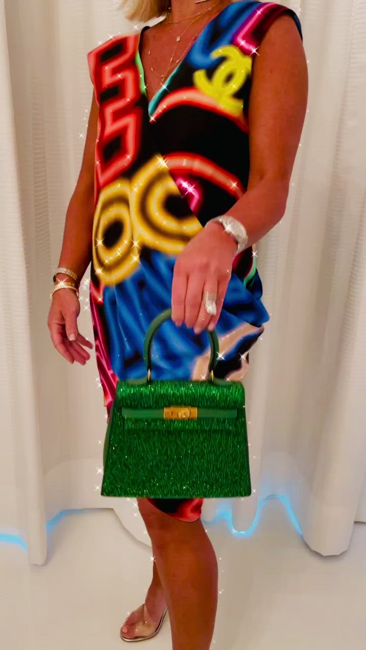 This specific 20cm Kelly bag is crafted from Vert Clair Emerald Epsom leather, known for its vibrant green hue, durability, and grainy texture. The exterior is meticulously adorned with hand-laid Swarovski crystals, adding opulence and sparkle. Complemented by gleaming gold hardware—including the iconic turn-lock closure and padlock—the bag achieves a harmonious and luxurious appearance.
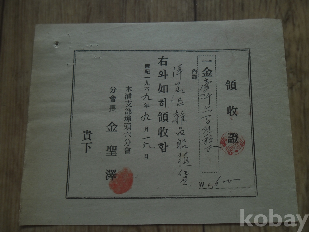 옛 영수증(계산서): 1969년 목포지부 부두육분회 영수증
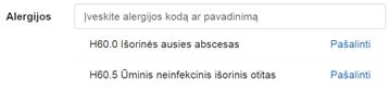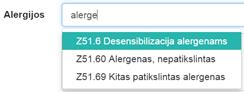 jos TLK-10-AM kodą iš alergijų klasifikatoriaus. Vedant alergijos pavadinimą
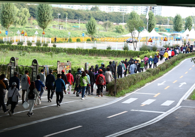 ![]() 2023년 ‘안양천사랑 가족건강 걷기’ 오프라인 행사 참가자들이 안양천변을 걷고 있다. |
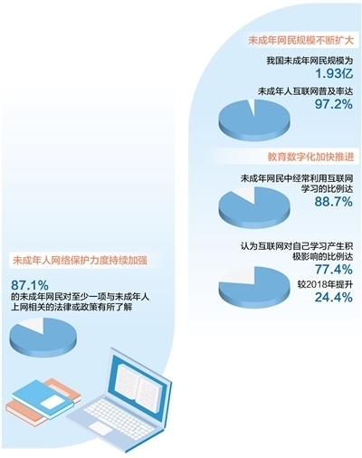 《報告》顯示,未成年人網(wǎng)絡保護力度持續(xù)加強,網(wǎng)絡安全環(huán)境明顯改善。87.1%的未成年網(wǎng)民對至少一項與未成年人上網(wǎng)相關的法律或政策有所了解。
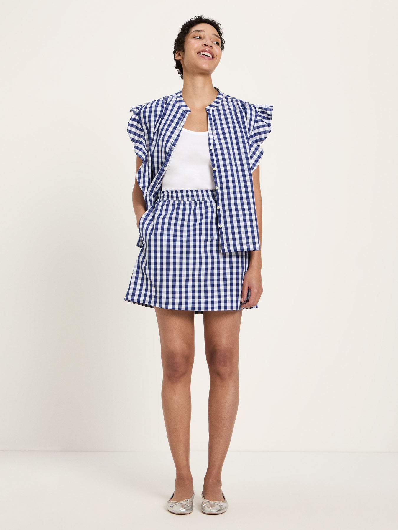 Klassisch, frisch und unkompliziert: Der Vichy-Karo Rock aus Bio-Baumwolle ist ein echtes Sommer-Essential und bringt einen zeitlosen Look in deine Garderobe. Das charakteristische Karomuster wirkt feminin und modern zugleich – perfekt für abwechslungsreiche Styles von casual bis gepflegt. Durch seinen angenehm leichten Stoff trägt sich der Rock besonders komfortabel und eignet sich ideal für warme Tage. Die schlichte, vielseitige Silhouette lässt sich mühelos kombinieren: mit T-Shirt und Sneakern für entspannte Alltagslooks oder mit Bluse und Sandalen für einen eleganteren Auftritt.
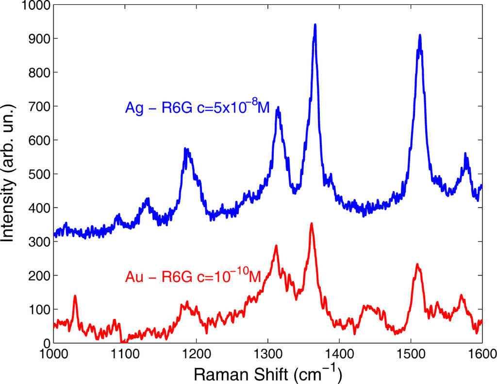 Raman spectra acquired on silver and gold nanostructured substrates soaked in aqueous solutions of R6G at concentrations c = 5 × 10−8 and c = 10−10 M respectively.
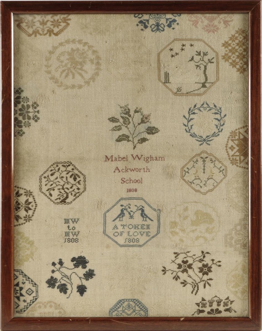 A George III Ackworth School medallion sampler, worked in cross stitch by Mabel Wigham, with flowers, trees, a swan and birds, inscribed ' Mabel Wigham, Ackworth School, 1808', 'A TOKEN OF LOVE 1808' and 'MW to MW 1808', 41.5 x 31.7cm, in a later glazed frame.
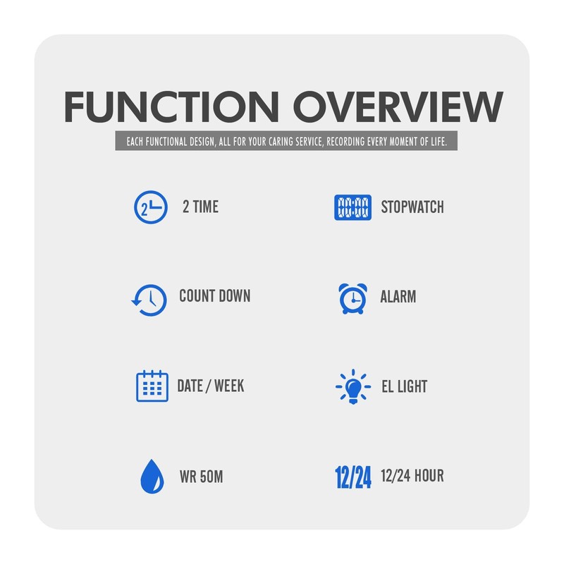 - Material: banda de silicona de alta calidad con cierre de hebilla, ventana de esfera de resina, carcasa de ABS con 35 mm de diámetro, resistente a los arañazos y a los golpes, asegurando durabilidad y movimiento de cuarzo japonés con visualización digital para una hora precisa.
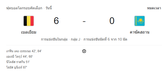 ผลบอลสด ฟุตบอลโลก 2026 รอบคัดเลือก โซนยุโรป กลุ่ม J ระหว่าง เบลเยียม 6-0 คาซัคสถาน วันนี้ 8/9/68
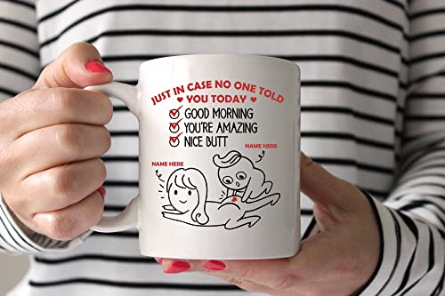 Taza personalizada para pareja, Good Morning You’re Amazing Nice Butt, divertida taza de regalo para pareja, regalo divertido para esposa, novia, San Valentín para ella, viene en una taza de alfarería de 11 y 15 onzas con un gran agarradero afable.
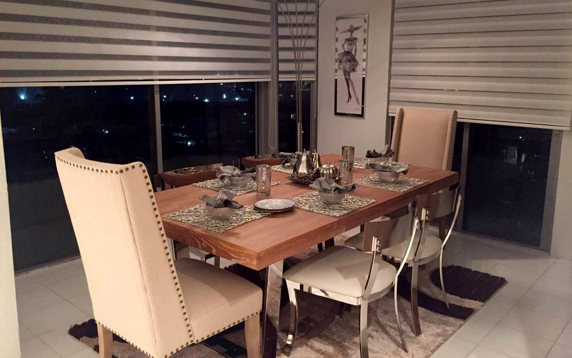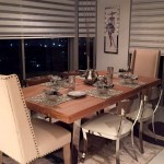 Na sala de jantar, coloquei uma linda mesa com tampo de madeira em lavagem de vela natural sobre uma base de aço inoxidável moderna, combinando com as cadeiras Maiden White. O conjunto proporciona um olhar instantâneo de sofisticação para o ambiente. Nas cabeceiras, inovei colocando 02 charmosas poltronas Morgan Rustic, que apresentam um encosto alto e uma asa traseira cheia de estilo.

==

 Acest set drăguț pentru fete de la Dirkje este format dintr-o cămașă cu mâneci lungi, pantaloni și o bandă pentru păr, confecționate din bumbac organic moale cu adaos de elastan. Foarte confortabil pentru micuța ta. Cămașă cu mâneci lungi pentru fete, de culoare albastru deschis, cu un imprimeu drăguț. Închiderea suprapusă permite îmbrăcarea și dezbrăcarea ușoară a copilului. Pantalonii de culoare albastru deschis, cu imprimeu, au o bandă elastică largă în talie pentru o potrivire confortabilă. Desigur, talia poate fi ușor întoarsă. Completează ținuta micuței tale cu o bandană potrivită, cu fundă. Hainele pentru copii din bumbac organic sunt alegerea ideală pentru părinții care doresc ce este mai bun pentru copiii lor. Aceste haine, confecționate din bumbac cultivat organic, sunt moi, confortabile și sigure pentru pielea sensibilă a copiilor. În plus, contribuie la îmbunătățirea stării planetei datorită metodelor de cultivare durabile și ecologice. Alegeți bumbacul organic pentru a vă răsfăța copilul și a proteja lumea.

* [What is needed] In the records above, copy exactly everything from the line that has "Raman spectra acquired" down to the line that has "Na sala de jantar, coloquei", both ends included, and leave out the pictures.

* [Answer for this exercise]
 Raman spectra acquired on silver and gold nanostructured substrates soaked in aqueous solutions of R6G at concentrations c = 5 × 10−8 and c = 10−10 M respectively.
 A George III Ackworth School medallion sampler, worked in cross stitch by Mabel Wigham, with flowers, trees, a swan and birds, inscribed ' Mabel Wigham, Ackworth School, 1808', 'A TOKEN OF LOVE 1808' and 'MW to MW 1808', 41.5 x 31.7cm, in a later glazed frame.
 - Material: banda de silicona de alta calidad con cierre de hebilla, ventana de esfera de resina, carcasa de ABS con 35 mm de diámetro, resistente a los arañazos y a los golpes, asegurando durabilidad y movimiento de cuarzo japonés con visualización digital para una hora precisa.
 ผลบอลสด ฟุตบอลโลก 2026 รอบคัดเลือก โซนยุโรป กลุ่ม J ระหว่าง เบลเยียม 6-0 คาซัคสถาน วันนี้ 8/9/68
 Taza personalizada para pareja, Good Morning You’re Amazing Nice Butt, divertida taza de regalo para pareja, regalo divertido para esposa, novia, San Valentín para ella, viene en una taza de alfarería de 11 y 15 onzas con un gran agarradero afable.
 Na sala de jantar, coloquei uma linda mesa com tampo de madeira em lavagem de vela natural sobre uma base de aço inoxidável moderna, combinando com as cadeiras Maiden White. O conjunto proporciona um olhar instantâneo de sofisticação para o ambiente. Nas cabeceiras, inovei colocando 02 charmosas poltronas Morgan Rustic, que apresentam um encosto alto e uma asa traseira cheia de estilo.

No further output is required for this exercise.